INFORMATION SUPPLIED Start Marker
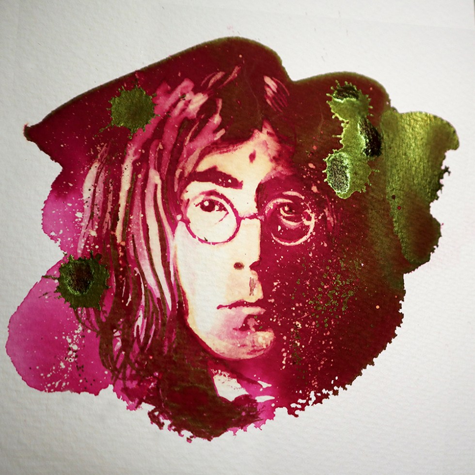 John Lennon – created with Diamine Cult Pens Robert and bleach on Bockingford 140lb rough watercolour paper. That sheen!
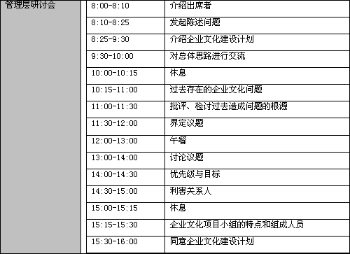 “火车跑得快,全凭车头带”,企业文化建设计划必须反映管理层的意愿和得到一致的理解。以下是管理层研讨会的一般议程:
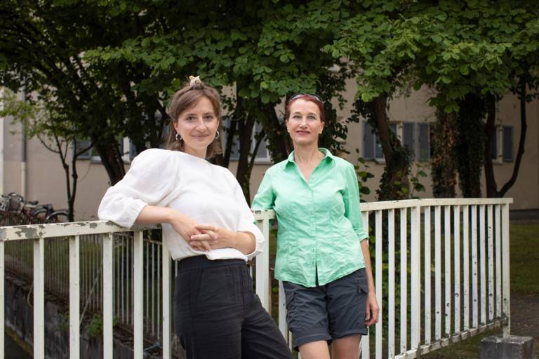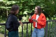 Zwei Frauen stehen mit Mikrofonen auf einer Brücke im Grünen und unterhalten sich.
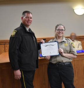 Chambers County Sheriff Jeff Nelson recognized Cassie Tomczek on working 10 years at the detention facility.
INFORMATION SUPPLIED End Marker
EXERCISE REQUIREMENTS
Give back the listing exactly, with the pictures removed.

PROBLEM SOLUTION
 John Lennon – created with Diamine Cult Pens Robert and bleach on Bockingford 140lb rough watercolour paper. That sheen!
 “火车跑得快,全凭车头带”,企业文化建设计划必须反映管理层的意愿和得到一致的理解。以下是管理层研讨会的一般议程:
 Zwei Frauen stehen mit Mikrofonen auf einer Brücke im Grünen und unterhalten sich.
 Chambers County Sheriff Jeff Nelson recognized Cassie Tomczek on working 10 years at the detention facility.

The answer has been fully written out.